Gastrotheca splendens
- Conservation status: Data Deficient (IUCN 3.1)

Scientific classification
- Kingdom: Animalia
- Phylum: Chordata
- Class: Amphibia
- Order: Anura
- Family: Hemiphractidae
- Genus: Gastrotheca
- Species: G. splendens
- Binomial name: Gastrotheca splendens (Schmidt, 1857)
- Synonyms: Hyla splendens Schmidt, 1857 ;

= Gastrotheca splendens =

- Authority: (Schmidt, 1857)
- Conservation status: DD

Species of frog

Gastrotheca splendens is a species of frog in the family Hemiphractidae. It is endemic to Bolivia.
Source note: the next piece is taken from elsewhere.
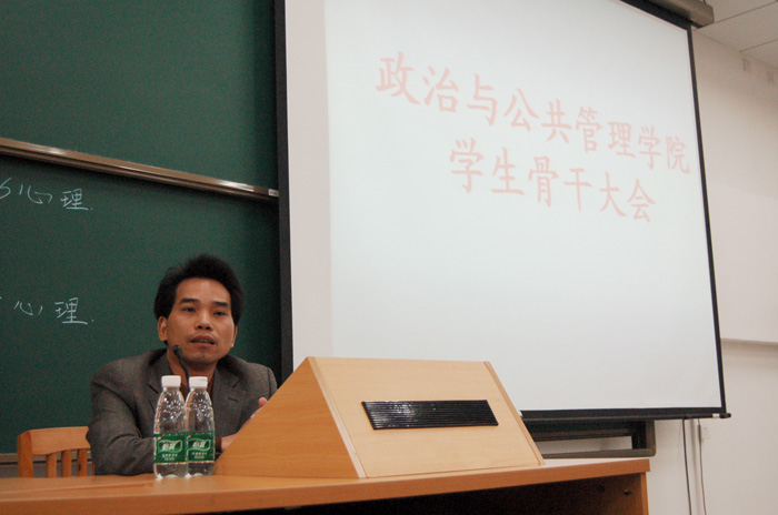 11月28日晚,学院党总支副书记麦培年召开了政管学院学生骨干大会,大会出席人员包括党员、预备党员、团学干部、干事、各班班委、各宿舍舍长。本次会议麦书记就本学期开学以来遇到的种种关系到学生学习,生活和未来发展的重大问题进行了具体而明确的阐述,并重点提到作为学生骨干应履行的责任和义务。

The only precisely known record is from the eastern slopes of the Andes in the Amboró National Park, in the Santa Cruz Department. Only two specimens are known. Common name Schmidt's marsupial frog has been coined for this species, in reference to Eduard Oscar Schmidt who described the species.

==Description==
The holotype is a female measuring 45 mm in snout–vent length, whereas the other known specimen is a male measuring 51 mm. The body is moderately robust. The is head is slightly wider than it is long but not as wide as the body. The snout is bluntly rounded. The tympanum is distinct; the supratympanic fold is weak. The fingers bear small and round discs as well as some basal webbing. The toes are less than half-webbed and bear discs that are slightly smaller than those on the fingers. Skin is dorsally smooth. Preserved specimens have dull grayish brown (tan) dorsal coloration with dark brown markings consisting of small, irregular spots (the female) or larger spots (the male). The venter is creamy white with dark brown flecks along lip margins and laterally on the chest and belly.

==Habitat and conservation==
The precise location of the holotype collected in 1857 is not known. The other specimen was collected in a cloud forest at an elevation of 2286 m above sea level in 1996. Despite surveys in the area, there are no new records, so the species must be very rare. It is threatened by habitat loss caused by agriculture and infrastructure development. Chytridiomycosis is a potential additional threat. Management of the Amboró National Park to ensure survival of this species is crucial.